Two-Factor Authentication
What is two factor authentication?
Two-factor authentication adds an additional layer of security beyond username and password to verify the identities of users accessing Baidu AI Cloud resources. It is also commonly known as 2-step authentication or multifactor authentication.
Two factor authentication method
Baidu AI Cloud supports dual two factor authentication methods: SMS and virtual MFA
- SMS authentication: Verify the user's identity by sending a time-limited verification code to the secure mobile phone number bound to the cloud account
- Virtual MFA: Verifies user identity through verification codes generated by the virtual MFA App bound to the cloud account. This method offers higher security than SMS verification and is recommended to be enabled
If both two-factor authentication methods are activated, verification through either method suffices. To protect cloud resources and funds, it is recommended that the root account and administrator IAM users enable two-factor authentication for their accounts. This feature can also be enabled for IAM users.
Protection scope
Baidu AI Cloud's two factor authentication supports login protection and operation protection:
- Login protection: Enable login protection, requiring SMS or virtual MFA for successful account login.
- Operation protection: When enabled, users must complete secondary identity verification before performing sensitive operations to confirm authenticity
Enable two factor authentication
Any Baidu AI Cloud user can enable two-factor authentication for their own accounts. Additionally, to enhance the security of cloud resource access for IAM users, the root account and administrator IAM users can enable two-factor authentication for these users.
Enable two factor authentication
Prerequisites
Possess a Baidu AI Cloud account: either a root account or an IAM user account.
Operation step
- Sign in to the Baidu AI Cloud Console, or use the IAM user login link to complete authentication
- Hover over and click the user avatar in the upper-right corner to access User Center;
- In Security Settings, under Login Protection and Operation Protection, click Settings button;
- In the pop-up window, click the Enable option to select one or dual two factor authentication methods;
- Click OK to complete the setup.
The root account enables operation protection via SMS authentication by default
Administrators enable two factor authentication for IAM users
Prerequisites
The login account must be either a root account or an administrator IAM user account.
Operation step
- Sign in to the Baidu AI Cloud Console, or use the IAM user login link to complete authentication;
- Hover over the upper-right corner, click Identity and Access Management, and enter User Management > IAM User;
- Click the name of selected IAM user to access the User Details page;
- In the Two Factor Authentication module, it is possible to enable Login Protection and Operation Protection for IAM users. For both Login Protection and Operation Protection, one or both TFA methods may be enabled.
Note
- If login protection is enabled for an IAM user who has not been bound to a mobile phone number or virtual MFA, the system will redirect them to the binding page during their next console login. For details, refer to [Bind Virtual MFA](#Bind virtual MFA);
- If the administrator enables operation protection for an IAM user, and the IAM user has been bound to a mobile phone number or virtual MFA, secondary authentication via SMS or software-generated dynamic code is required when account anomalies or sensitive operations are detected;
- If an administrator disables operation protection for an IAM user, secondary authentication will not be required for account anomalies or sensitive operations.

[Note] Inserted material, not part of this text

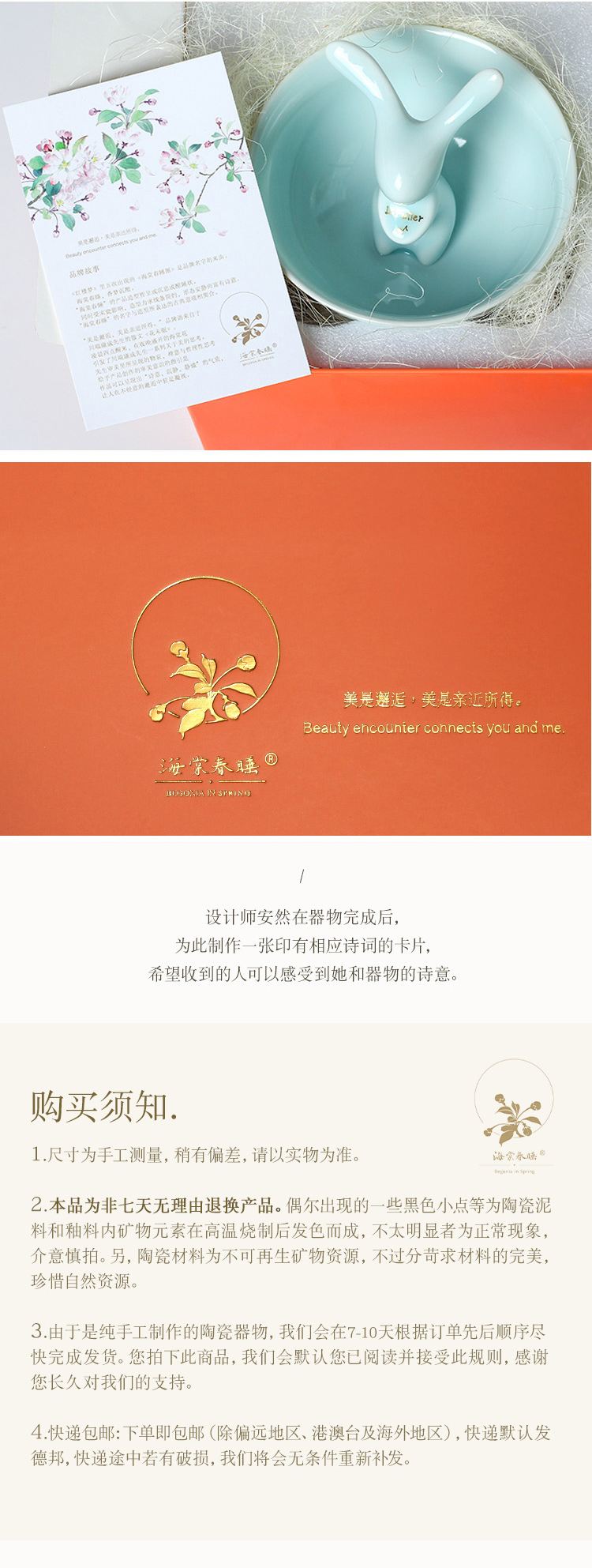 小tips:手工陶瓷不是机器成品,无法做到每个都一模一样,十全十美,可能存在烧制过程中釉的正常现象(小水泡、小黑点等),并非是质量问题,是纯手工制作的印记哦~

Disable two factor authentication
For methods and paths, refer to [Enable Two Factor Authentication](#Enable two factor authentication) to disable previously enabled login or operation protection.
Bind virtual MFA
After enabling virtual MFA for themselves or IAM users, users must first bind the virtual MFA device during their initial secondary authentication.
Operation step
-
Download identity authenticator. Users must first install an MFA application on the smart device to proceed. It is recommended to install Baidu AI Cloud APP or Google Authenticator.
Note:
- For iOS, search directly for Baidu AI Cloud or Google Authenticator in the App Store to install.

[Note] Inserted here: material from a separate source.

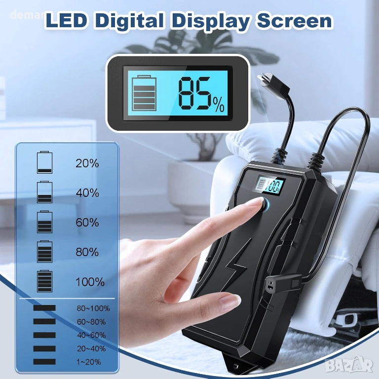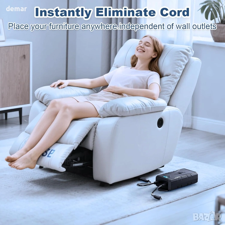 Безжичната акумулаторна батерия за електрически кресла позволява гъвкаво поставяне навсякъде в стаята, без да е необходимо да се свързва с контакт, което помага за поддържане на чистотата и безопасността на пространствата. Тя предлага дълготрайна употреба с едно зареждане, с удобно презареждане чрез стандартен електрически контакт, когато е необходимо. Вграденият LED индикатор ясно показва оставащото ниво на батерията с един поглед, така че знаете кога е време за презареждане. Проектиран с 2-пинова връзка, той е широко съвместим с повечето електрически кресла, дивани, повдигащи се столове и двуместни дивани и се предлага в комплект със зарядно устройство, удължителен кабел и захранващ кабел за лесна настройка и употреба.

- The Android version of Google Authenticator still depends on an external QR code scanning component. Users will also need to search for and install a Barcode Scanner from the app market. Therefore, it is recommended that Android users install the Baidu AI Cloud app or other commonly used authentication apps.
-
Bind the MFA device.
- Choose the Baidu AI Cloud app: Go to the console page, click on Virtual MFA, and scan the QR code displayed on the computer screen.
- Choose another authenticator: Open the authenticator app, click the scan icon, and scan the QR code displayed on the computer screen.

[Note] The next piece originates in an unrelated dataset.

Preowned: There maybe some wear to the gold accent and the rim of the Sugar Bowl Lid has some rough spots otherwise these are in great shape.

Upon successful scanning, the system will automatically add the user, and the account and key will be displayed on the App. Navigate to the Virtual MFA dynamic password page. Dynamic password is refreshed every 30 seconds.
Note:
- In addition to actively binding virtual MFA through User Center - Security Information - Virtual MFA, if using virtual MFA for secondary authentication without prior binding, the computer screen will also display a QR code for virtual MFA binding.
- Enter two consecutive sets of passwords on the computer page, and then click OK button to complete the virtual MFA device binding.
Upon successful binding of virtual MFA, secondary authentication is simultaneously completed
Unbind virtual MFA
Unbinding an MFA device requires verification through the currently bound device. If the MFA app was accidentally uninstalled, submit a ticket to backend support for assistance with unbinding.